BRAF mutations in GIST may arise de novo or after treatment with tyrosine kinase inhibitors. Up to 13 % of “wild-type” GIST harbor the BRAF exon 15 V600E substitution mutation [78–80]. BRAF-mutant GIST have a slight female predilection, and most often arise in the small bowel. Their biological behavior and clinical course has not been well defined to date, but limited evidence suggests a high risk of malignancy based on risk-stratification criteria [78], with the caveat that BRAF mutations are also present in some micro-GIST with no mitotic activity [79]. BRAF-mutant GIST are typically composed of spindled cells and are morphologically indistinguishable from conventional KIT-mutant GIST [80]. BRAF belongs to the RAF family of serine/threonine protein kinases in the RAS–RAF–ERK signaling pathway, which activates the MAPK pathway and controls cell cycle regulation and cellular response to growth signals. The V600E substitution activates the BRAF kinase domain. Thus, mutated BRAF may act as a primary oncogenic driver event. Moreover, since BRAF is located downstream of KIT, its activation leads to KIT-independent growth. Not surprisingly, BRAF-mutant “wild-type” GIST are resistant to imatinib, and BRAF mutations may contribute to the development of secondary resistance to imatinib in KIT- and PDGFRA-mutant GIST [78]. As a result, detection of this mutation also carries significant treatment implications. There is some evidence showing tumor regression in BRAF-mutant GIST treated with BRAF inhibitors [81].

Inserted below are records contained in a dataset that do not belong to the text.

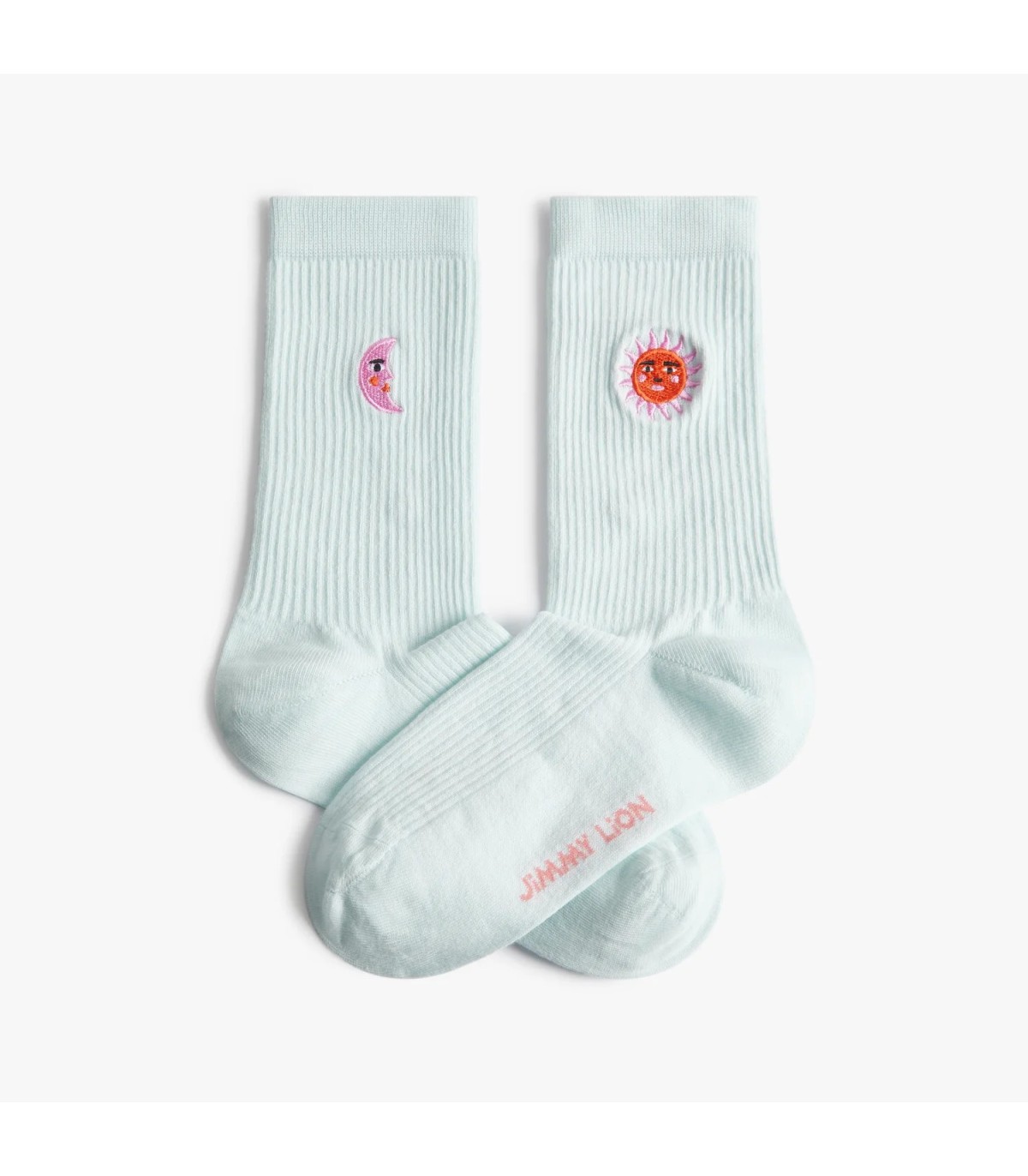 Os traemos unos nuevos calcetines de la marca Jimmy Lion tan sencillos de color azul clarito, con el logo del sol y la luna
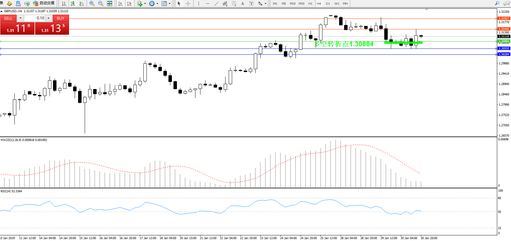 交易策略:1.30884上方看涨,目标1.314411.31927
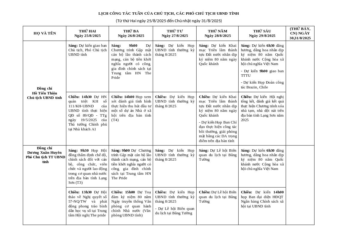 Chiều: Dự kiến làm việc tại cơ quan | Chiều: Dự kiến 15h00 duyệt phóng sự kết quả thực hiện Chương trình xóa nhà tạm, nhà dột nát | Chiều: Dự kiến Họp UBND tỉnh thường kỳ tháng 8/2025 | Chiều: Dự kiến Họp Ban Chỉ đạo thực hiện công tác bồi thường, giải phóng mặt bằng các DA trọng điểm trên địa bàn tỉnh | Chiều: Dự kiến Hội nghị tổng kết, đánh giá kết quả thực hiện Chương trình xóa nhà tạm, nhà dột nát trên địa bàn tỉnh Lạng Sơn năm 2025 |
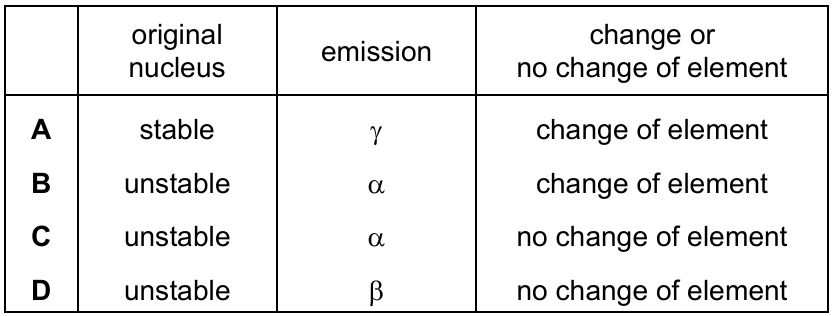 Which row correctly describes an example of radioactive decay?
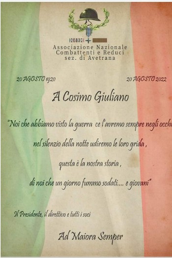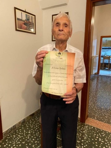 Cosimo Giuliano. Si tratta di un reduce della Seconda Guerra Mondiale. In un video diffuso attraverso i social, il signor Giuliano ha voluto ricordare quella sua esperienza nel conflitto mondiale.
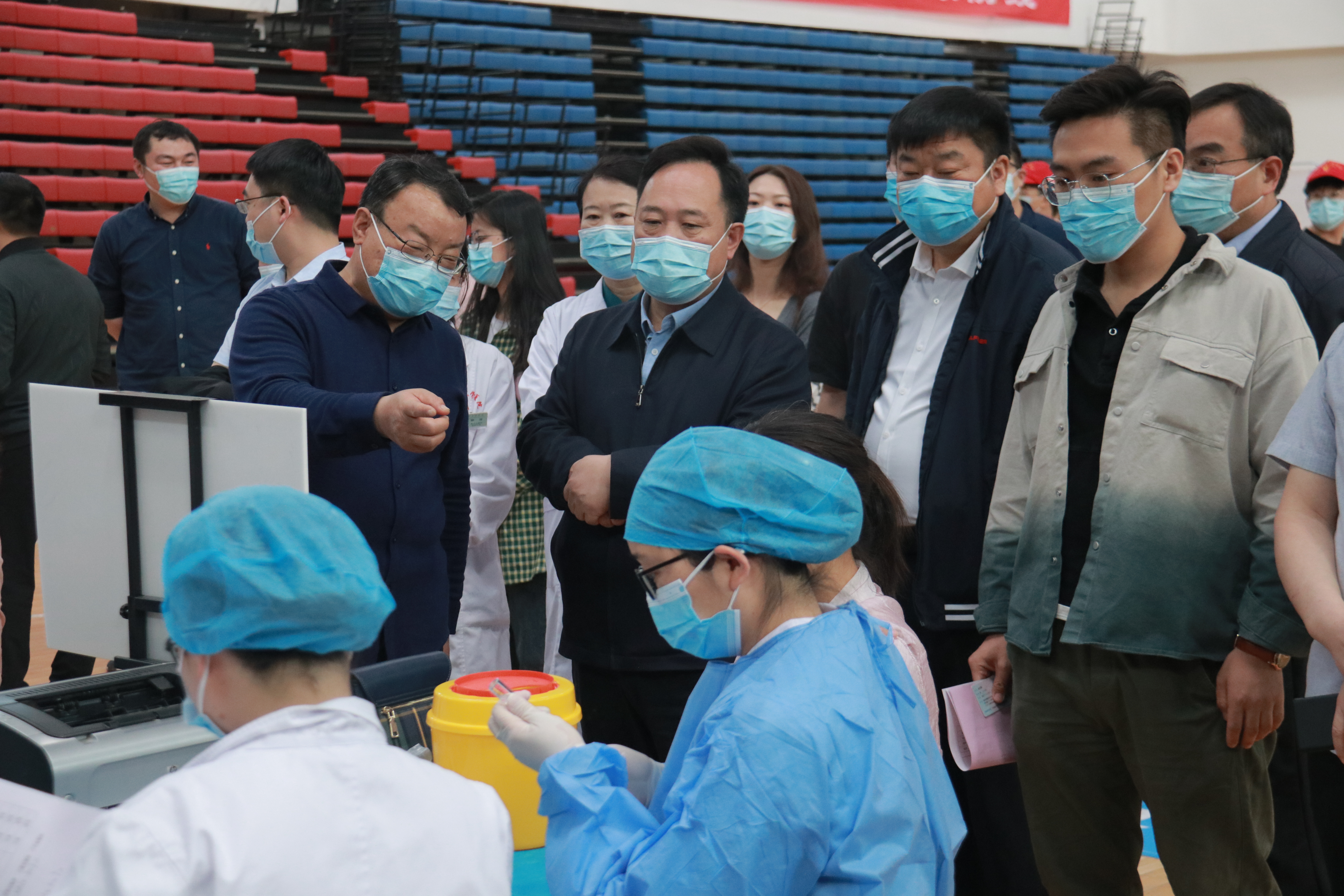 5月7日,bat365在线中国官网登录入口启动新冠病毒疫苗接种工作。校党委副书记谷振清到现场对学校师生疫苗接种工作进行检查指导,学校疫情防控工作领导小组办公室相关负责同志参加检查。

Patients with NF1 have a higher risk of developing GIST than the general population, and tumors usually occur at a younger age compared to cases of sporadic GIST [20, 23, 24]. NF1-associated GIST are “wild-type” and arise most frequently in the small intestine. They are usually small, almost always display a spindled cytomorphology with a low mitotic rate, and have a good prognosis [20]. In the GI tract of patients with NF1, GIST are more common than neurofibromas. Patients with NF1 typically present with multiple primary GIST, often arising in a background of hyperplasia of the interstitial cells of Cajal. The tumors display strong KIT immunoreactivity despite a lack of KIT mutations. The pathogenesis of GIST associated with NF1 remains unknown.